L’ origine delle guerre e del desiderio di morte è da attribuirlo al processo complesso delle assenze. Chi fa guerra, non vede il prossimo, non ti riconosce, non è toccato nella sua umanità, perché non toccato e pertanto respinto dall’ umanità del genitore; chi fa guerra non in è grado di riconoscere l’ altro in se stesso, possiede uno specchio frantumato di se, perché dall’ altra parte c’ è un genitore frantumato. Il vuoto dell’ assenza è il vuoto dell’ umanità.
Quando incontri un partner, reduce dell’ assenza genitoriale, vivi la frustrazione delle assenze subite, ti da pagare e riempire tutti i suoi vuoti subiti, non gli basti mai gli manchi sempre, anche quando ci sei, ne avverte il vuoto sempre. In realtà gli manca ciò che non c’è mai stato nel passato, e l’ assenza abbandonica attuale, altro non è se non la punta dell’ iceberg. Manca sempre un assente primario, eccellente, una matrice fondamentale. Tanto più grande è l’ assenza di una figura genitoriale, tanta più avrà una importanza privilegiata una minima assenza di oggi.
Chi è costretto a fare da genitore al proprio, intossica il suo ruolo, si immette su una corsia preferenziale futura, ovvero cercare un partner che fosse un figlio da accudire.
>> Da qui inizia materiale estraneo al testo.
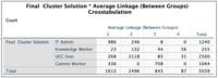 Here is a crosstab of my original membership (named on the left in rows) compared to the current 4 cluster solution (1-4 columns).

La vita diviene una immolazione sfiancante, una malattia.
Una lettera scritta ad un padre o ad un partner, rappresenta quella sfida per mappare la propria storia relazionale, per poter ripercorrere la storia del proprio sacrificio. Serve a delineare tutto ciò che mai si è potuto scegliere, per svelare quella sacra consapevolezza che la vita, oggi, potrà ancora essere scelta, spaccando quelle patologiche catene di obblighi e di ruoli inadeguati non più opportuni nel presente.
Un serio ed assiduo lavoro analitico, correlato ai suoi strumenti di lavoro, come una psicoterapia individuale, una gruppo analitica, la lettera analitica, i rispecchiamenti, i de condizionamenti, gli psicodrammi, ect ect, hanno il compito di esaltare la consapevolezza, per accellerare le risposte e i cambiamenti, chiarire i ruoli e i modelli di riferimento, servono a spezzare quella circolarità viziosa generazionale, che passa la malattia, come un un testimone da genitori a figli, fissando proprie attitudini, propri talenti ed obiettivi per tornare alla propria progettualità e protagonismo.
Tutto ciò non è affatto facile, è molto complesso, ma non impossibile, non ci sono miracoli da compiere, specialmente se ci sono interruzioni del trattamento, quando a lavoraci resta solo lo psicoterapeuta, bisogna volerlo, con grinta ed audacia, abbattendo la flemma e gli automatismi, con tenacia e continuità terapeutica, si riesce a realizzare il ritorno alla salute e la propria metamorfosi, perché si fanno i conti con gli stili di vita, con le rigidi abitudini e le sedimentazioni dei ruoli indossati errati, per scollare di dosso tutto ciò che non è proprio, si ritorna alla salute del proprio protagonismo.